I have 2 Df with an identical structure to be merged with a condition. I need to have all the id raw but not duplicated and when there is a same id I need to choice the one from the dataframe with val==1 or just the row from the df1 if df1.val == df2.val
df1
id val X1 X2 X3
0 az1 1 10 12 16
1 az2 0 15 17 19
3 az3 0 8 9 17
4 az5 1 3 2 67
5 az7 0 31 2 68
df2
id val X1 X2 X3
0 az1 1 12 10 15
1 az2 1 13 15 18
3 az4 1 10 9 47
5 az6 0 33 12 68
6 az7 0 1 26 90
I want a new df3 like this:
df3
id val X1 X2 X3
0 az1 1 10 12 16
1 az2 1 13 15 18
3 az3 0 8 9 17
4 az4 1 10 9 47
5 az5 1 3 2 67
6 az6 0 33 12 68
7 az7 0 31 2 68
It contains:
- all the df1 rows
- all the df2 rows where df2.val==1 AND where df2.id is not present in df1
- all the df2 rows where (df2.id == df1.id) AND df2.val==1 AND df1.val==0 (overwrite the df1 raw)
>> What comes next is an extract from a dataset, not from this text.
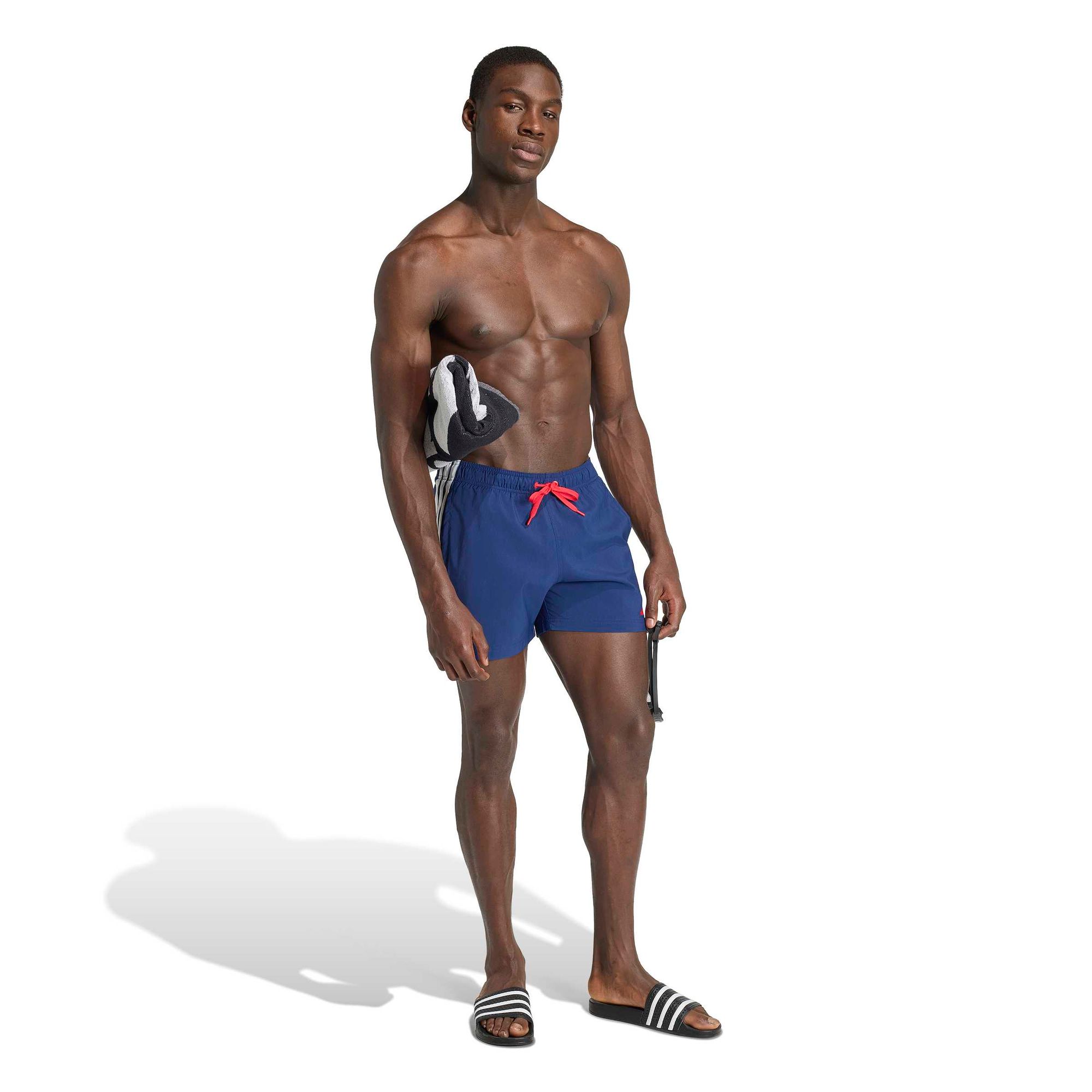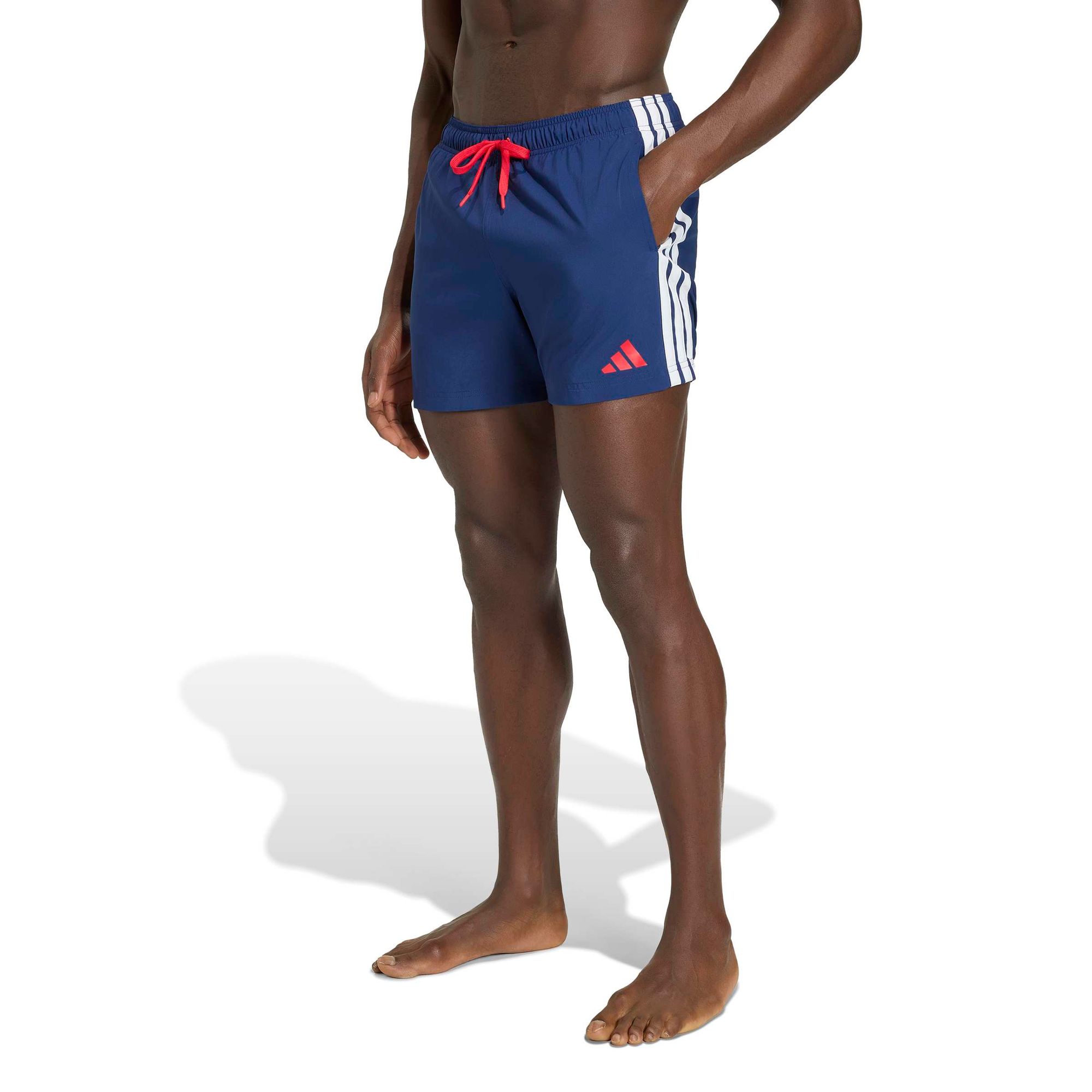 Mit praktischen Seitentaschen und dem ikonischen 3-Streifen Branding vereinen diese Shorts Funktionalität und Style. Die Badeshorts in regulärer Passform bieten die perfekte Balance aus Bewegungsfreiheit und Halt – eine vielseitige Ergänzung für deine Schwimmausrüstung.

- all the df2 rows with df2.val == 0 AND where df2.id is not present in df1
With the command:
Unique=pd.concat([df1, df2]).drop_duplicates(subset ="id", keep = False, inplace = False).sort_values('id')
Unique
id val X1 X2 X3
0 az3 0 8 9 17
1 az4 1 10 9 47
2 az5 1 3 2 67
3 az6 0 33 12 68
Then:
Temp = pd.concat([df1, Unique]).drop_duplicates().sort_values('id')
Temp
id val X1 X2 X3
0 az1 1 10 12 16
1 az3 0 8 9 17
2 az4 1 10 9 47
3 az5 1 3 2 67
4 az6 0 33 12 68
5 az7 0 31 2 68
Finaly:
df2_1 =df2[df2["val"]==1]
df3 = pd.concat([df2_1, Temp]).drop_duplicates(subset ="id", keep = "first", inplace = False).sort_values('id')
df3
id val X1 X2 X3
0 az1 1 10 12 16
1 az2 1 13 15 18
3 az3 0 8 9 17
4 az4 1 10 9 47
5 az5 1 3 2 67
6 az6 0 33 12 68
7 az7 0 31 2 68
Any idea to do the job in more fast and elegant way?